NFS on Btrfs on multi-devices .vs. Glusterfs on distributed-volume?


NFS on Btrfs on multi-devices .vs. Glusterfs on distributed-volume?

I considering a storage for Email. 
This storage system run on my own private cloud (already replicated), then i does not care about replication. 
I'm thinking about 2 options:
1- I will create few "disk" (volume on cloud), and create a Btrfs filesytem on multi-disk; and when filesystem full, i'll create more "disk" and add it to btrfs file system by:
btrfs device add /dev/vdX /mnt

btrfs filesystem balance /mnt

This mount point (/mnt) will be expose over NFS, and my Dovecot server will mount this export, and store emails on it. 
2- I will create few "disk" (volume on cloud), and create a GlusterFS distributed-volume accross these disks; and when filesystem full, i'll create more "disk" and add new "disk"(s) to GlusterFS distributed-volume, an re-balance it.
My Dovecote will mount this volume using glusterfs-client, and store emails on it.
(Repeat: i don't need replicate, because my "disk", volume on private cloud, replicated underhood)
Do you think which option have better:

performance? (many many small read/write I/O)


Answer 1:

You have to consider the I/O pattern of a mail server: Read/write many small files as fast as possible.

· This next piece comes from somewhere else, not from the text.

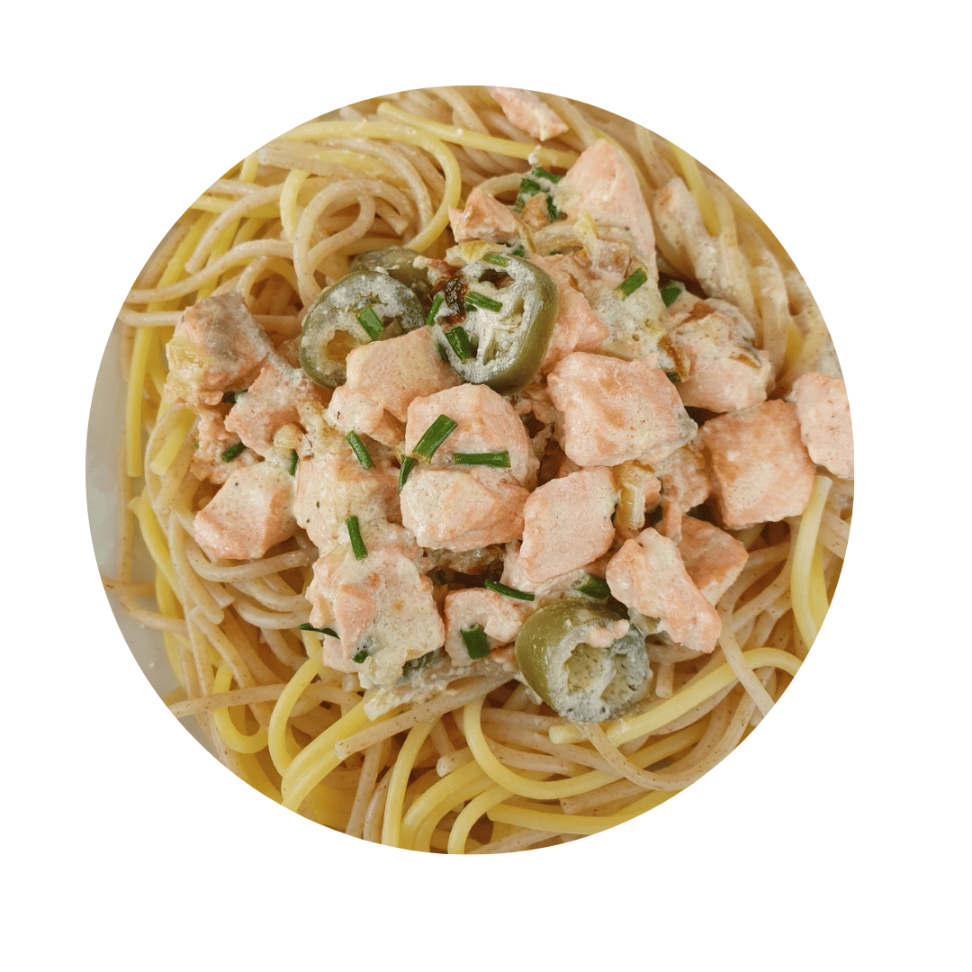 mit Sahnesoße und Lachs

Both your variants are really unsuitable for this when dealing with a large number of clients, IMHO.

Neither FS is fast enough, and I guess especially the locking overhead of GlusterFS will be significant. Then you add another layer with NFS, which has it’s own overhead. Instead of this, I would try to connect the mail store with as small overhead as possible and with a fast file system. Usually this means to connect as directly to the physical storage as possible, but since you hide your architecture behind bullshit bingo terms like “private cloud”, we don’t know what would be possible.

One approach you could try would be to export the storage via iSCSI to the mail server and then use a FS that’s fast with many small files and maybe, if it’s really important, use LVM to be able to easily add space to that FS in the form of additional iSCSI volumes (which adds back some overhead).

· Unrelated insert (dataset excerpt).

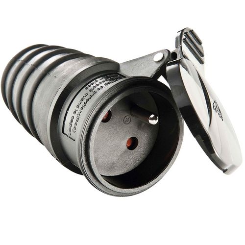 Fiche femelle 2 pôles + prise de terre. Corps en caoutchouc technique avec couvercle de protection contre l'humidité.

Whatever you try though: You have to benchmark the different variants and see if you get the required performance out of it.

Answer 2:

If you need to choose one from the two above then NFS is preferable I think.

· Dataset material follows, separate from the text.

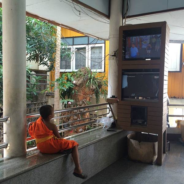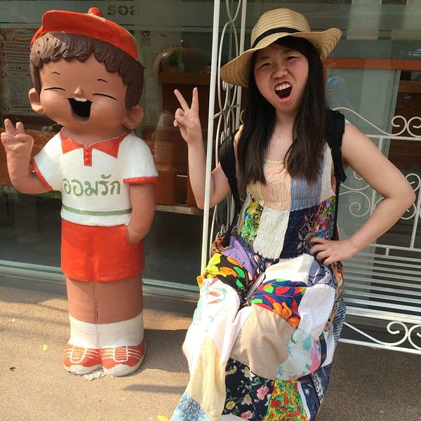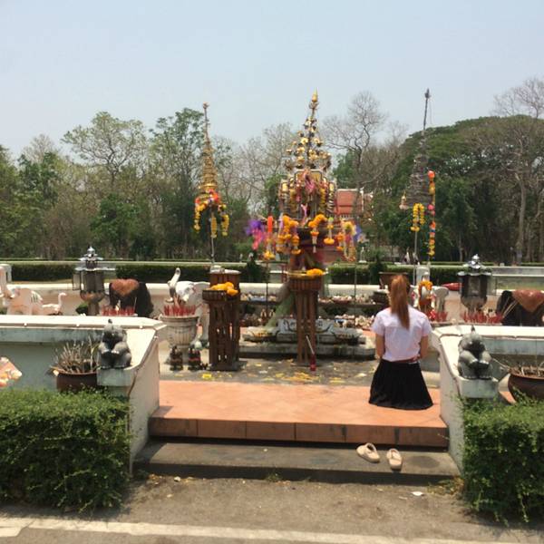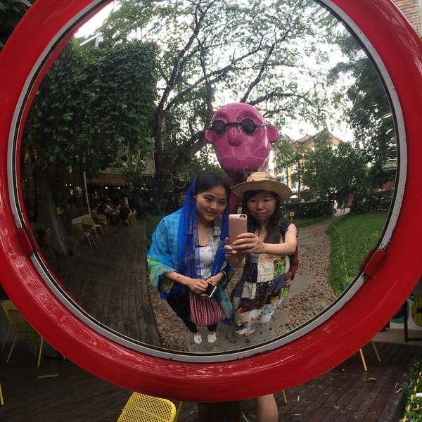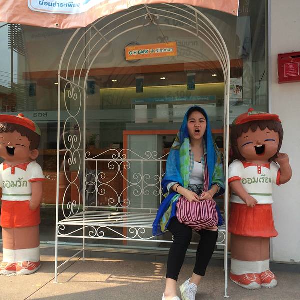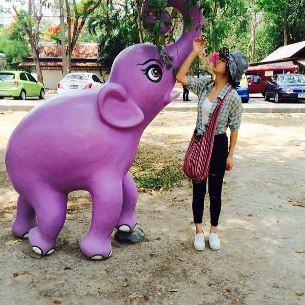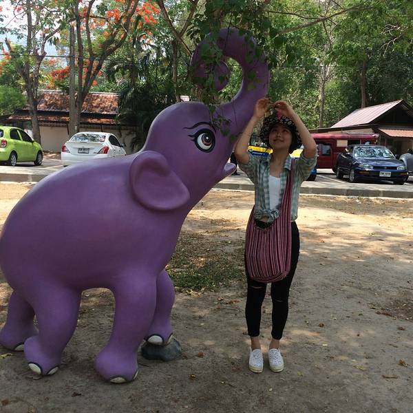 出发去素贴山了。双条车似乎是40泰铢。 登上素贴山可以看清迈全景,我们是坐缆车上去的,途中碰到了一个北京姐姐,就和她一起玩了。姐姐30出头,见多识广,经常单独旅行,和她在一起,听到了不少旅行趣事和关于泰国的文化知识,真是佩服这样的人。 在素贴山上,因雾重,我们并没有看到全景,倒是沿途看到了各种色彩的三角梅,真是一种让人看了心情也会怒放的花。素贴山下来,坐双条车去了清迈大学,在附近吃了午饭。这个青木瓜沙拉真的是太酸爽了,真的需要来10盘,我们吃完一盘又点了一盘。但其他菜实在味道一般,尤其是那个咖喱汤,完全没有咖喱味,好想吃那种贼浓稠的咖喱。糯米倒是口感很好,但还是比较期待回清迈吃更正宗的芒果糯米饭。 清迈大学不能自由游玩,只能坐他们的观光巴士。车上会有广播讲解,大概30分钟。和我们搭一辆车的是3个被太阳晒伤满脸涂满痱子粉的大男生,哈哈哈哈,就是觉得很好笑。而且他们好会摆拍,被他们的摆拍姿势看醉了,话说现在的男子都这么会凹造型吗,哈哈哈太可爱的人。 下午逛附近的宁曼路。宁曼路比较像厦门的风格,也是各种小清新小情调的店。 其实逛宁曼路主要是想找一家餐厅“蝶豆花”,动用导航、问路、电话都找不到,网上给的地址似乎不准,后来还下起了大雨,和机器侠跑到一家网吧门外避雨,顺便向里面的工作人员打听这家店,店员很热心地帮我们找,还留我们进去避雨。雨停后我们又开始觅食,这次碰到个保安大叔,大叔更是热心地直接带着我们去找,找到的时候发现原来网上地址错了,应该是9road,不是11road。找到的时候这家店居然4点多就任性地打烊了,我们却不觉得遗憾,因为找店的途中看了许多美景和新鲜事物,还有几个好心人帮我们找店,感觉好温暖撒,美食就就明天再来战好啦!

GlusterFS looses all its benefits as distributed filesystem in your setup since OpenStack
volumes are still mounted from a central storage. It is neither more stable nor
more smart since It should care about distributed file locking while NFS locking
is done on a sigle server.

I am no sure that combining your storage from multiple devices is a good idea. Alternatively
you may consider skipping high level OpenStack volume service fucntionality and exposing your storage directly – formated LVM(/ZFS/SAN) volume exported by NFS. Going this way you will eliminate unnecessary iSCSI level and will be able to encrease the mail storage space on demand as long as the main storage has enough free space.